* _What is required_: Give back, unaltered, the lines from the one with "30. Install the" to the end of the material, omitting pictures.

* _Data below_:

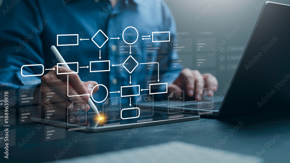 Obraz na płótnie Canvas - Business workflow process and automation system with flowchart, project management, data analysis, business process optimization, Document management system framework, Enterprise content management..
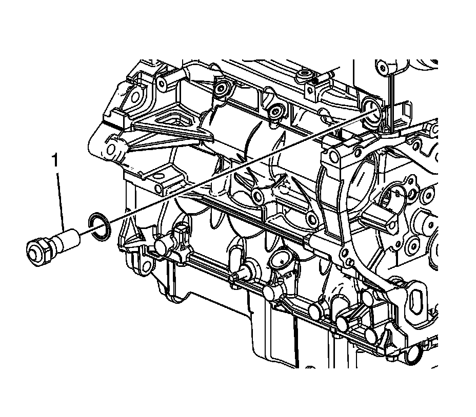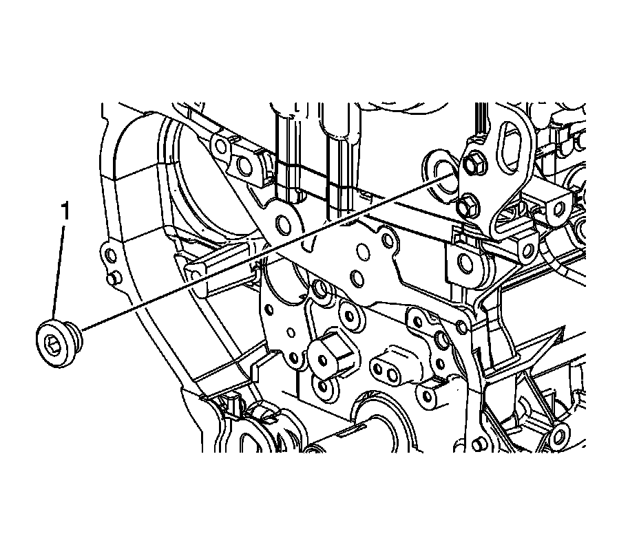 30. Install the timing chain guide bolt access hole plug (1) and tighten to 90 Nm (66 lb ft).
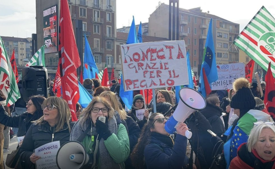 Il nodo della vertenza è noto, ma per questo non meno grave. Konecta, multinazionale spagnola del customer care, ha annunciato la chiusura delle sedi di Ivrea e Asti entro giugno 2026, con l’accorpamento di oltre 1.100 dipendenti sul polo di Torino: circa 700 da Ivrea e più di 400 da Asti. Una scelta che, nei fatti, mette centinaia di persone di fronte a un bivio impossibile: trasferirsi ogni giorno a Torino o perdere il lavoro. Con circa 150 esuberi già messi nero su bianco e molti altri che rischiano di materializzarsi sotto forma di dimissioni “indotte”.
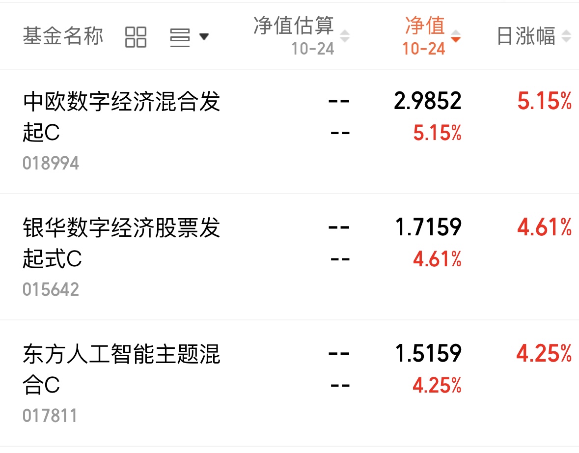 $银华数字经济股票发起式C(OTCFUND|015642)$+4.61%,$东方人工智能主题混合C(OTCFUND|017811)$+4.25%

* _Solution for this problem_:
 30. Install the timing chain guide bolt access hole plug (1) and tighten to 90 Nm (66 lb ft).
 Il nodo della vertenza è noto, ma per questo non meno grave. Konecta, multinazionale spagnola del customer care, ha annunciato la chiusura delle sedi di Ivrea e Asti entro giugno 2026, con l’accorpamento di oltre 1.100 dipendenti sul polo di Torino: circa 700 da Ivrea e più di 400 da Asti. Una scelta che, nei fatti, mette centinaia di persone di fronte a un bivio impossibile: trasferirsi ogni giorno a Torino o perdere il lavoro. Con circa 150 esuberi già messi nero su bianco e molti altri che rischiano di materializzarsi sotto forma di dimissioni “indotte”.
 $银华数字经济股票发起式C(OTCFUND|015642)$+4.61%,$东方人工智能主题混合C(OTCFUND|017811)$+4.25%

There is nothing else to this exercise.